A RIF Dialect is an XML language for RIF Documents. Each RIF Dialect defines semantics for the set of RIF Documents which conform to its syntax definition. Dialects may overlap other dialects; that is, a given document may be an expression in multiple dialects at the same time.

A Language Conflict occurs when multiple dialects specify different meanings for the same document. That is, if there can exist a RIF Document which syntatically conforms to two dialects, and a system can be conformant to one of the dialects without also being conformant to the other, then there is a language conflict between the dialects.

A RIF Extension is a set of changes to one dialect (the "base" dialect) which produce another dialect (the "extended" dialect), where the extended dialect is a superset of the base dialect.
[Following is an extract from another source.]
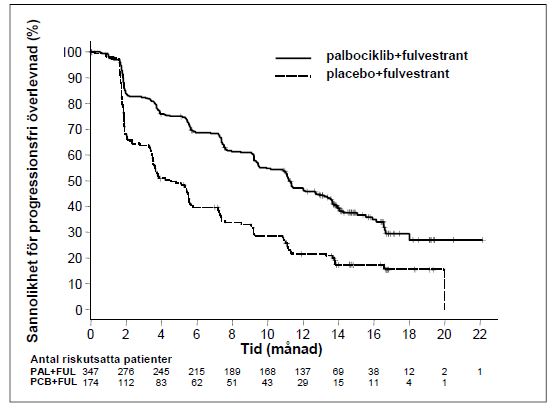 En minskad risk för sjukdomsprogression eller död i armen fulvestrant plus palbociklib observerades i alla individuella patientundergrupper definierat genom stratifieringsfaktorer och baslinjekarakteristika. Detta var tydligt hos pre/perimenopausala kvinnor (HR på 0,46 [95 % CI: 0,28, 0,75]) och postmenopausala kvinnor (HR på 0,52 [95 % CI: 0,40, 0,66]) och patienter med visceral metastatisk sjukdom (HR på 0,50 [95 % CI: 0,38, 0,65]) och icke-visceral metastatisk sjukdom (HR på 0,48 [95 % CI: 0,33, 0,71]). Nyttan kunde även observeras oberoende av tidigare behandlingslinjer i det metastatiska tillståndet, om 0 (HR på 0,59 [95 % CI: 0,37, 0,93]), 1 (HR på 0,46 [95 % CI: 0,32, 0,64]), 2 (HR på 0,48 [95 % CI: 0,30, 0,76]), eller ≥3 linjer (HR på 0,59 [95 % CI: 0,28, 1,22]).

A RIF Profile is the complement of a RIF Extension; it is a set of changes to one dialect (the "base" dialect) which produce another dialect (the "profile" dialect), where the profile dialect is a subset of the base dialect.

A system is Backward Compatible if it accepts old versions of its input language. All systems are backward compatible for languages which change only by incorporating extensions (that is, by growning). In a large, decentralized system (like the Web), backward compatibility is extremly important because new system will almost certainly have to read old-version data (either old documents, or documents recently written by old software).

A system is Forward Compatible if it behaves well when given input in future or unknown languages. In a large, decentralized system (like the Web), if the systems are not all forward compatible, new language versions are extremely difficult to deploy. Systems which are not forward compatible will behave badly when they encounter new-version data, so the users of these systems will tend to push back on the people trying to publish the new-version data. If a large enough fraction of the user base is using such systems, the push back becomes too great and migration to new versions is prevented. In small, controlled environments, the software for all the users can be upgraded at once, but that is not practical on the Web.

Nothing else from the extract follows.